Data items:
┌────────
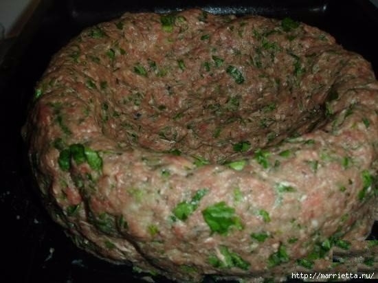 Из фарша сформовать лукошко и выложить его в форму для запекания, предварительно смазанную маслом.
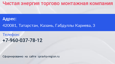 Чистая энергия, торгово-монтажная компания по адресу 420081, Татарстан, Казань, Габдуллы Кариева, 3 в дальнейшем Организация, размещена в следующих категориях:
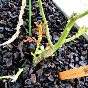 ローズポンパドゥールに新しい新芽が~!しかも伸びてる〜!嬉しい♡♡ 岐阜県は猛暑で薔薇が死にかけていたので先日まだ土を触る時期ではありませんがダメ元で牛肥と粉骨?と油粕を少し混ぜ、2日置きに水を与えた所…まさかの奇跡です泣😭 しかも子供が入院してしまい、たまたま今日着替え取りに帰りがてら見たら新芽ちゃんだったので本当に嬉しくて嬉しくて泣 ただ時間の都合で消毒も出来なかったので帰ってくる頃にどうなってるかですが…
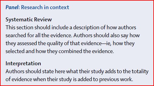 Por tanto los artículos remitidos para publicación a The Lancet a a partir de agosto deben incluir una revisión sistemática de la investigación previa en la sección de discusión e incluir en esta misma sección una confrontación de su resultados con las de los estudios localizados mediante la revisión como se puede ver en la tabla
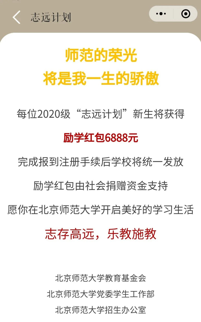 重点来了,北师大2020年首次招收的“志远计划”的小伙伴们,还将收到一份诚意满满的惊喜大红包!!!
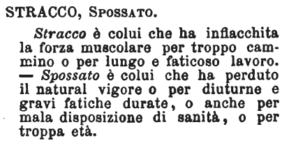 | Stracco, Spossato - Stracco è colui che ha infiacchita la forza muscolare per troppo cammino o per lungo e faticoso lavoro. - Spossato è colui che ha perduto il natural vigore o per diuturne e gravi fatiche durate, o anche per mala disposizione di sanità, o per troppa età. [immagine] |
└────────
Task item: From the records above, write out exactly the lines that begin at the line with "Por tanto los" and end at the line with "重点来了,北师大2020年首". Pictures must not appear in the output.

Response to this exercise:
 Por tanto los artículos remitidos para publicación a The Lancet a a partir de agosto deben incluir una revisión sistemática de la investigación previa en la sección de discusión e incluir en esta misma sección una confrontación de su resultados con las de los estudios localizados mediante la revisión como se puede ver en la tabla
 重点来了,北师大2020年首次招收的“志远计划”的小伙伴们,还将收到一份诚意满满的惊喜大红包!!!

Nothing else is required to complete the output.